DIRECTIONS FOR THIS TASK: The lines below, from the one holding "4. Rotate the" through the one holding "No quadro Pagador", are to be restated word for word, with all images left out.

PROVIDED RECORDS:

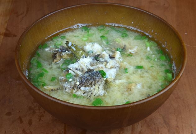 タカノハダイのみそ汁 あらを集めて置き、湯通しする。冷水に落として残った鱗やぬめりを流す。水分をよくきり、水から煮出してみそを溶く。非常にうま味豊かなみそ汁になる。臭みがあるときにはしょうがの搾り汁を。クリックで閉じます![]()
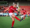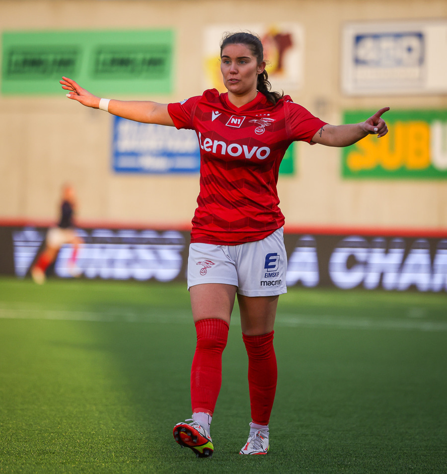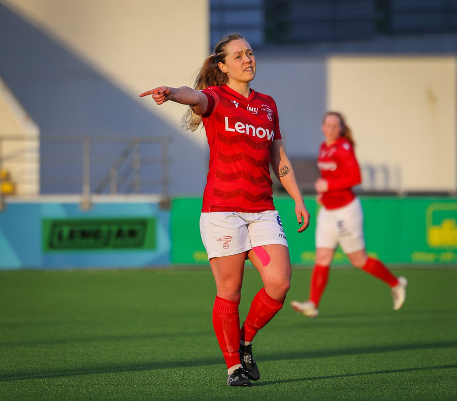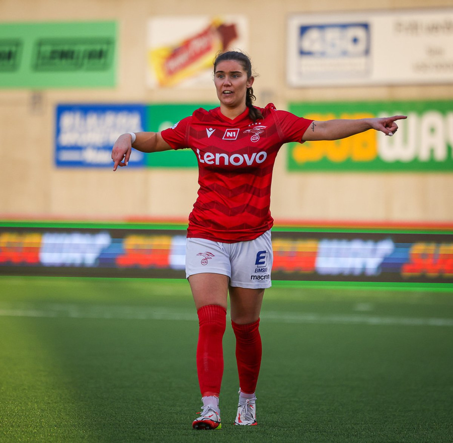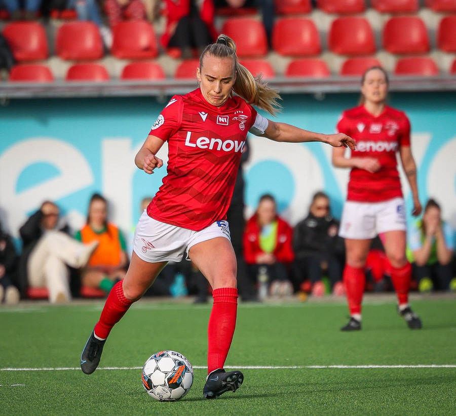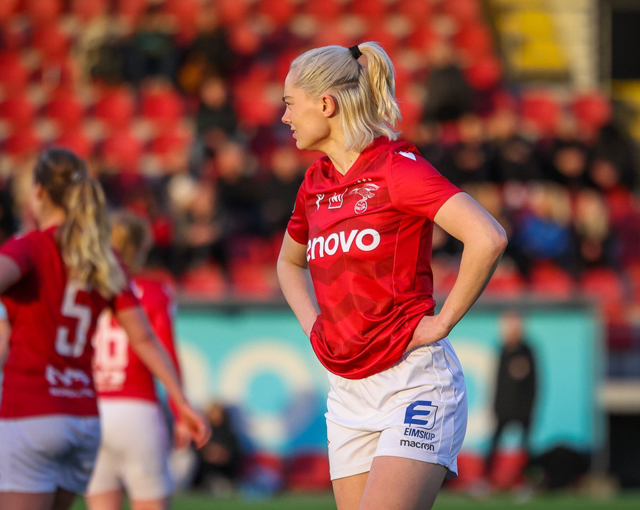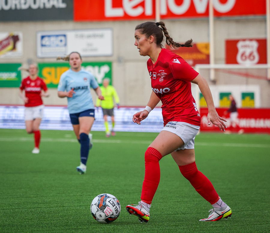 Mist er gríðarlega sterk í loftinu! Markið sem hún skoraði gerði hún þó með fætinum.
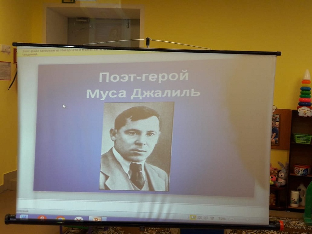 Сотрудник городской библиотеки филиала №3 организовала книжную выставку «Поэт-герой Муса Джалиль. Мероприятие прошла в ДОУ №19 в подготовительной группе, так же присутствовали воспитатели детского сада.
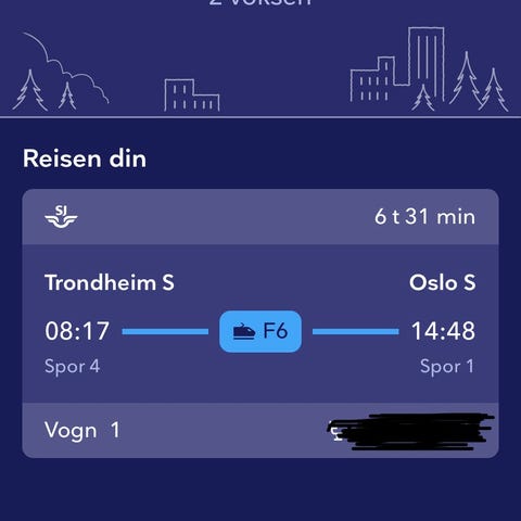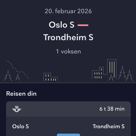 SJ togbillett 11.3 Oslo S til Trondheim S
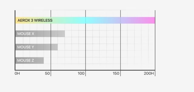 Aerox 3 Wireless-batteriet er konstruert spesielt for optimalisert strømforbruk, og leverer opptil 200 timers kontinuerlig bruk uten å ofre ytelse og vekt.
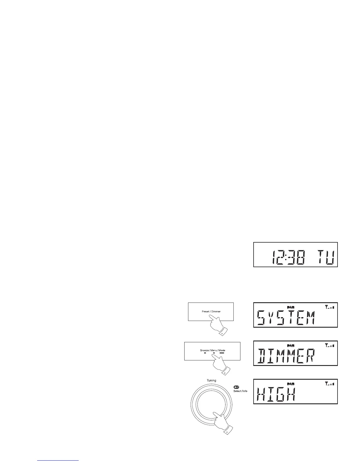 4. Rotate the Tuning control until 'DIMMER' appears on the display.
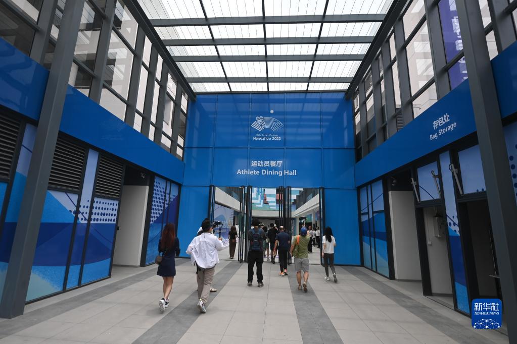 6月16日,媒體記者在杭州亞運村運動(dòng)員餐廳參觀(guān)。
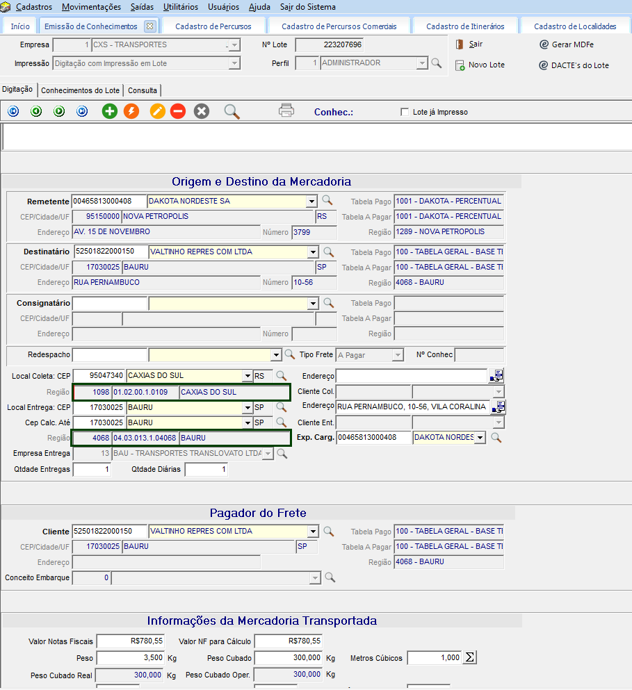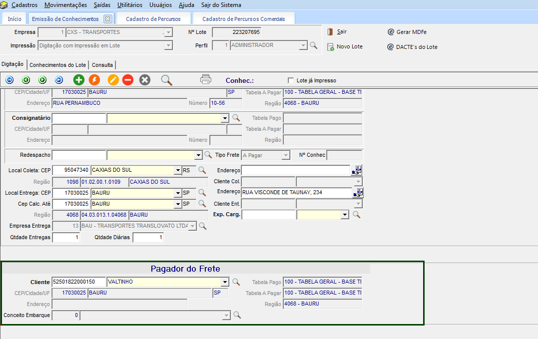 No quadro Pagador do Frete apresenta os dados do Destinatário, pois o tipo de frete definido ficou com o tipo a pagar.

* * *

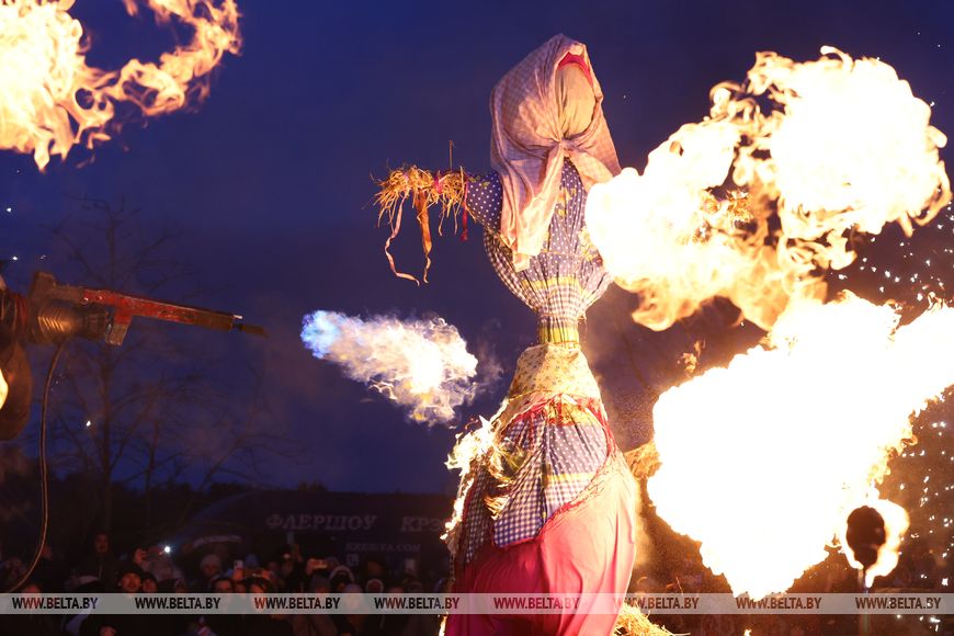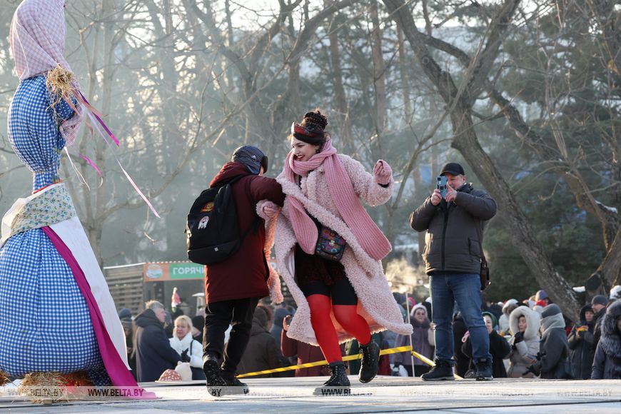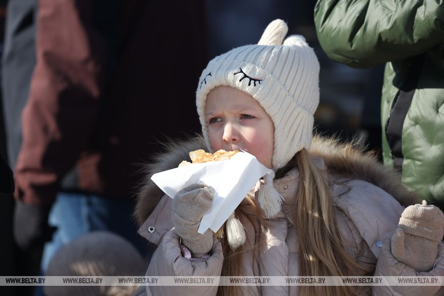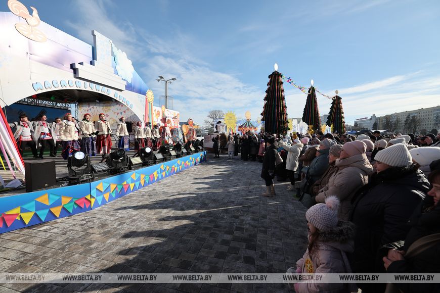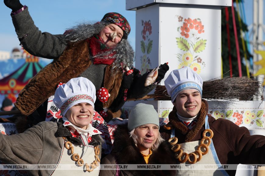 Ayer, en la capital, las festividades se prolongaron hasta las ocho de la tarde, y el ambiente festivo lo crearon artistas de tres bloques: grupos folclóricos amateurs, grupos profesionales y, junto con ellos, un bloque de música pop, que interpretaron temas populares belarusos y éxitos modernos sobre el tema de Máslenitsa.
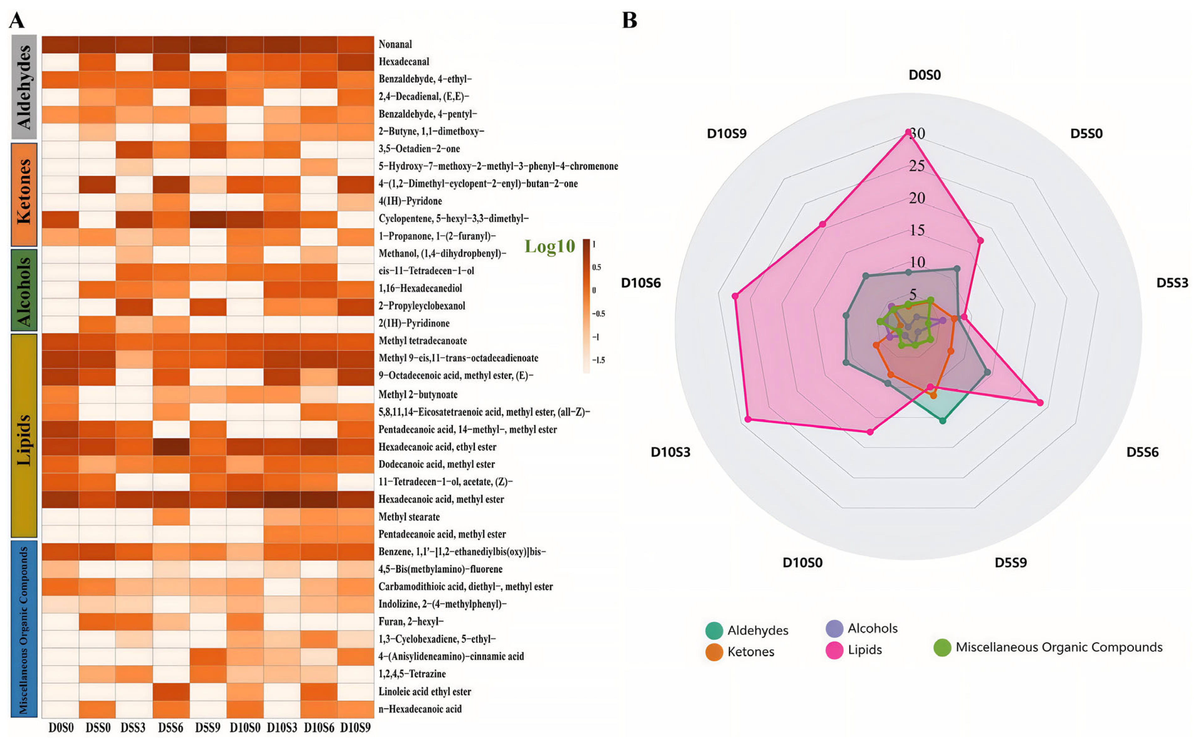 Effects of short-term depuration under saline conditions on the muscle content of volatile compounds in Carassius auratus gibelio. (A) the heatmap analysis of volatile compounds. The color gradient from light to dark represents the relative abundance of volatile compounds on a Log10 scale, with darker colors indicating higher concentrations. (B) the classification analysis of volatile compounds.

==

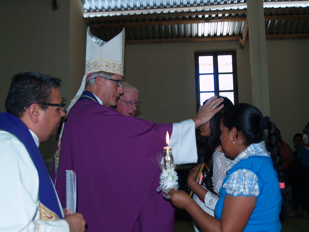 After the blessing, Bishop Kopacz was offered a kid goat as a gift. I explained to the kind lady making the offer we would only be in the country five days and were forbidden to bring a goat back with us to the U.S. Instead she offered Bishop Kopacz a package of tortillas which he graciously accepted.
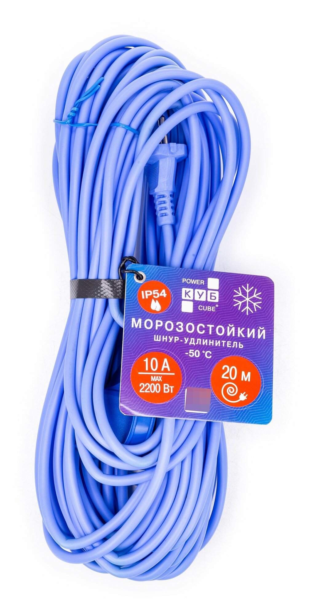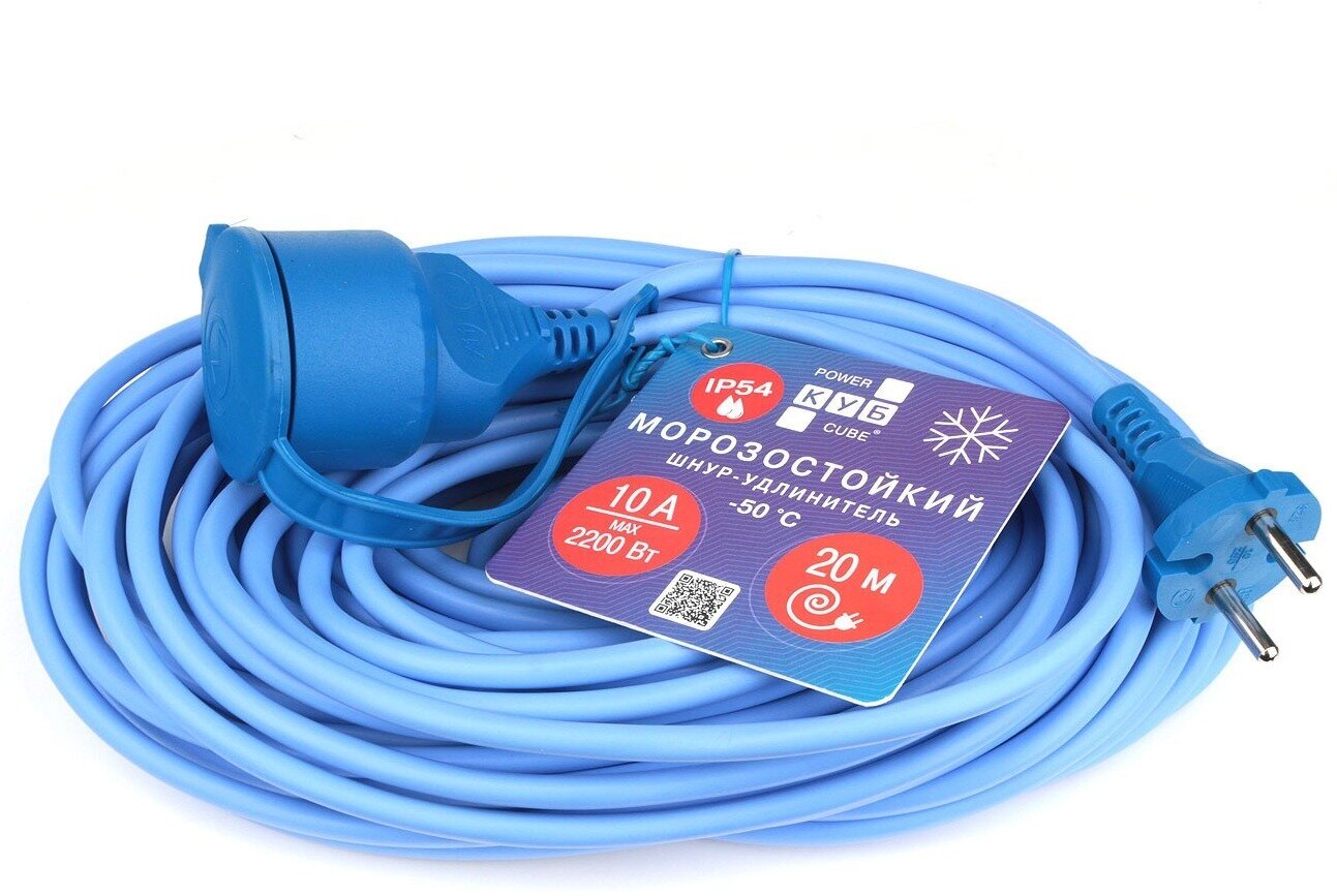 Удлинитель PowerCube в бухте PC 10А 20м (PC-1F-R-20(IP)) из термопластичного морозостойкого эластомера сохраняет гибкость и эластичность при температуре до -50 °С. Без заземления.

ANSWER:
 4. Rotate the Tuning control until 'DIMMER' appears on the display.
 6月16日,媒體記者在杭州亞運村運動(dòng)員餐廳參觀(guān)。
 No quadro Pagador do Frete apresenta os dados do Destinatário, pois o tipo de frete definido ficou com o tipo a pagar.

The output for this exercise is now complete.